Carlos Yates

Personal information
- Born: February 22, 1962
- Died: August 13, 1989 (aged 27) Washington, D.C., U.S.
- Listed height: 6 ft 5 in (1.96 m)

Career information
- High school: Flint Hill (Oakton, Virginia)
- College: George Mason (1981–1985)
- NBA draft: 1985: undrafted
- Position: Forward

Career highlights
- CAA co-Player of the Year (1983); 3× First-team All-CAA (1982–1985);

= Carlos Yates =

American basketball player (1962–1989)

Carlos Yates (February 22, 1962 – August 13, 1989) was an American basketball player notable for college career at George Mason University.

==College career==
Yates began his collegiate career at George Mason and played for the Patriots all four years. He was the Eastern College Athletic Conference's (ECAC) Rookie of the Year in 1982 and its Co-Player of the Year in 1983 (along with James Madison's Dan Ruland). He was selected to four straight All-ECAC South Conference First Teams from 1981 to 1985. In addition, Yates earn honorable mention All-America honors those four straight years. On January 31, 1983, during Yates's sophomore season, he was selected by Sports Illustrated as their National Player of the Week.

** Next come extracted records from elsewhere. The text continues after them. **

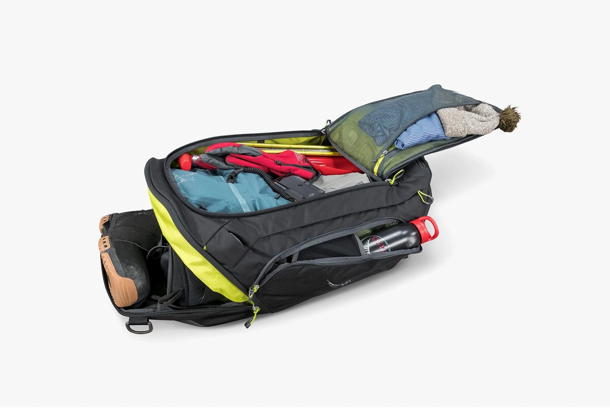 You can tell a lot about a person by how they organize their backpack. If it’s clean and tidy, with everything packed neatly into its designated spot, they’re likely a mindful person who cherishes their material possessions. The opposite of that would be my roommate, who tosses his litter and filth around our apartment without giving it a second thought. Maybe he needs one of Osprey‘s new GearKit bags. Designed to encourage thoughtful gear organization, each of the three bags (Trailkit, 40 liters; Snowkit, 45 liters; Bigkit, 65 liters) contains a plethora of technical pockets including a ventilated footwear compartment, helmet pocket, stowaway harness and straps, clamshell main compartment, dual side pockets with compression straps, several web lashing points, internal mesh pockets and a scratch-free tech pocket for sunglasses and snow goggles. The Trailkit and Snowkit are compact and carry-on compatible, whereas the Bigkit is better suited for extended backcountry expeditions.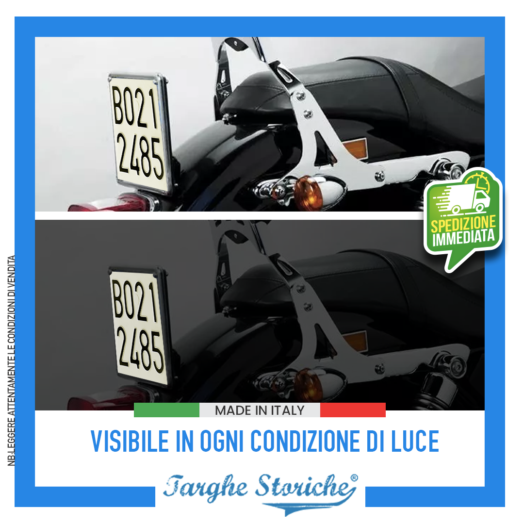 CATARIFRANGENTE: Finitura riflettente che replica fedelmente l’effetto delle targhe originali dell’epoca per un aspetto autentico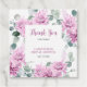 Une élégante étiquette de remerciement moderne pour baby shower de mariage en plein été avec un bouquet de dahlia aquarelle dans des nuances de pourpre et de rose, avec des feuilles botaniques vertes luxuriantes et de l'eucalyptus. Veuillez trouver d'autres modèles et variations correspondants dans ma boutique "celebrationmoment".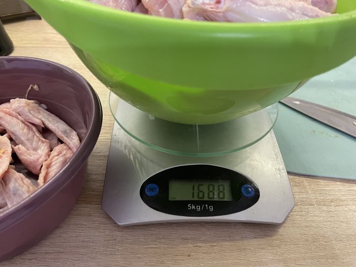 Первым делом отрезаю от крылышек кисти и откладываю в сторону для дальнейшей транспортировки в мусорное ведро. Остальное на весы.
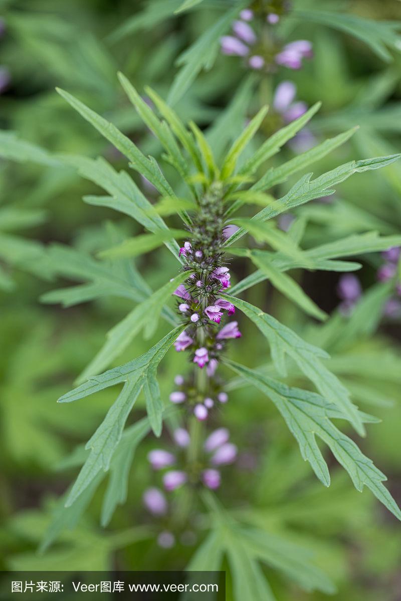 益母草(益母草japonicus)开花植物在一个天然的绿色不鲜明的背景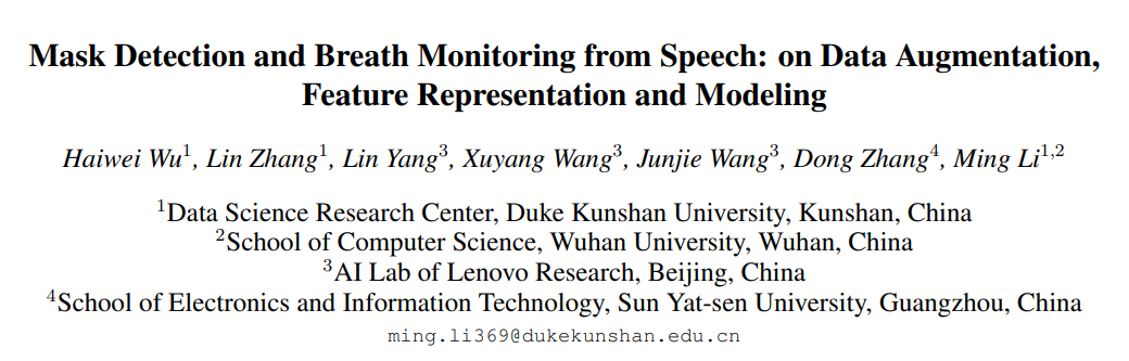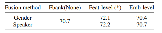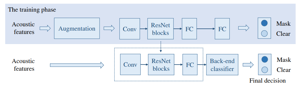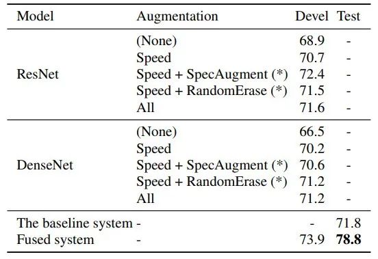 对于口罩检测任务,研究人员实现了两种卷积神经网络系统,即ResNet和DenseNet,以提取高级嵌入,然后在这些嵌入上采用SVM进行决策。研究人员还利用三种数据增强方法,这些方法在端到端框架中实现了重大改进。受到在情感识别方面的工作的启发,研究人员从基于ResNet的预训练性别分类器中自动提取了性别相关特征。这些特征来自使用Voxceleb1数据集训练的性别分类器网络的倒数第二个线性层。ResNet结构几乎与论文《On-the-fly data loader and utterance-level aggregation for speaker and language recognition》中描述的相同,不同之处在于倒数第二线性层的输出节点数为100。为了引入说话者的信息,研究人员按照上述论文的配置训练模型并提取嵌入作为说话者相关特征。在口罩检测器的优化过程中,这两种特征会在不同级别上融合。表1展示了性别特征融合方法与说话者特征融合方法对口罩检测的贡献。融合了这两种特征的口罩检测性能要比其他特征好得多,这表明这两种信息对于口罩检测都是有效的。也就是说,戴口罩可能给说话者语音的性别特征和身份特征带来较大的影响。表1:开发集上利用融合性别和说话者特征的口罩检测UAR(%,未加权平均召回率)。在表2中可以看到,与基于DenseNet的系统相比,基于ResNet的系统实现了更好的性能。三种数据增强方法均有助于显著提高性能。与对开发集进行随机擦除相比,SpecAugment方法可实现更大的性能提高。将SpecAugment和随机擦除相结合没有带来改进,这意味着SpecAugment和随机擦除的效果不是互补的。该团队最终提交的系统是将表1和2中标有(*)的系统融合在一起得到的,其性能大大优于测试集上的基准系统。 表2:开发集和测试集上的UAR。 3 模型和方法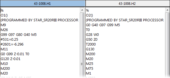 When multiple NC Program files each contain a separate channel, PartMaker shows each file in its own channel. For example, the two files below, H1 and H2, are each shown in their own channel: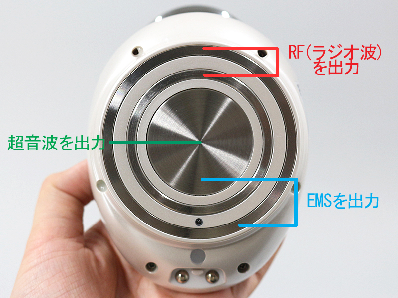 本体裏の電極ヘッド。超音波、RF(ラジオ波)、EMSはそれぞれ図の部分から発せられます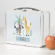 Cette jolie boîte à lunch de garçons bleus présente une girafe et un zèbre, avec un motif animal safari à l'envers (y compris un éléphant, un lion, une girafe, un zèbre, un crocodile et des plantes) et a lieu pour vous d'ajouter votre nom d'enfant dans une belle typographie. Parfait pour votre enfant ou pour le tout-petit retour à l'école. Consultez le reste de notre collection pour d'autres articles pour enfants safari mignons!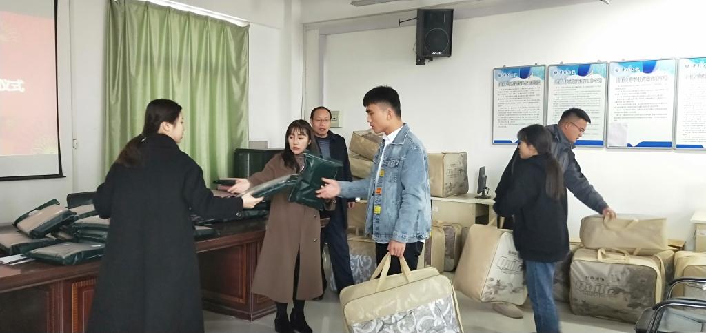 活动伊始,赵志成书记对受助学生表达亲切的关怀与慰问,鼓励同学们把国家的关怀化作不断学习和奋进的动力,以积极乐观的态度和坚强不屈的意志投入到学习和生活之中,通过学习改变自己与家庭的命运。同时,赵书记希望同学们要心怀感恩,以实际行动传递爱心,回报学校、社会。接着,辅导员郭冠群宣读学院2019年冬寒实物补助学生名单。最后,赵书记和各位辅导员依次为同学们发放棉衣、棉被实物补助。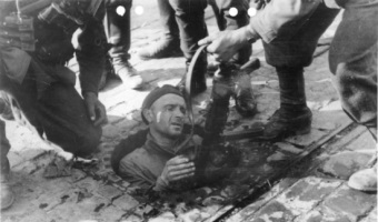 Na zdjęciu: Powstaniec z Mokotowa wychodzi z kanałów na terenie zajętym przez Niemców. Zdjęcie prawdopodobnie gdzieś w alei Puławskiej pomiędzy ulicą Madalińskiego a Dworkową. Źródło: pl.wikipedia.org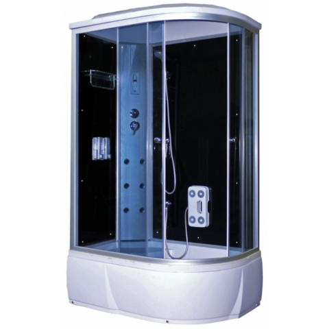 120×80×220см (серое стекло, черные задние стенки, пульт управления: вытяжка, радио, подсветка, гидромассаж спины - 6 форсунок, гидромассажер стоп, дозаторы для мыла, ассиметричный высокий поддон 40см. Левая/Правая), гидрозатвор, кнопочный слив с системой очистки, новая система сборки алюминия на защелках.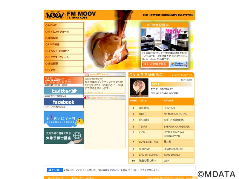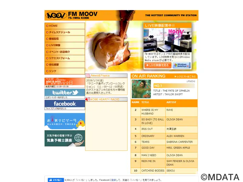 1997年6月に開局した神戸市中央区のコミュニティFM放送局。FM MOOV(エフエムムーヴ)は、自社制作の音楽番組を中心に周波数76.1MHz、出力10Wで24時間放送。神戸の老舗ライブハウス・チキンジョージ専務・児島勝が代表を務め、神戸らしさにこだわった先進的なサウンドを発信し、これまで多くの有名DJを輩出。放送エリアは神戸市須磨区、長田区、兵庫区、中央区、灘区、東灘区。JOZZ7AL-FM。

Yates is George Mason University's all-time leading scorer in men's basketball history with 2,420 points as well as the state of Virginia's fourth all-time leading scorer. He also holds the school record for career field goals made and attempted and free throws made and attempted.

==Professional career==
Yates was drafted fourth overall by the Florida Suncoast Stingers in the 1985 Continental Basketball Association draft.

==Death==
Yates was shot and killed on August 13, 1989, near Robert F. Kennedy Stadium in southeast Washington, D.C.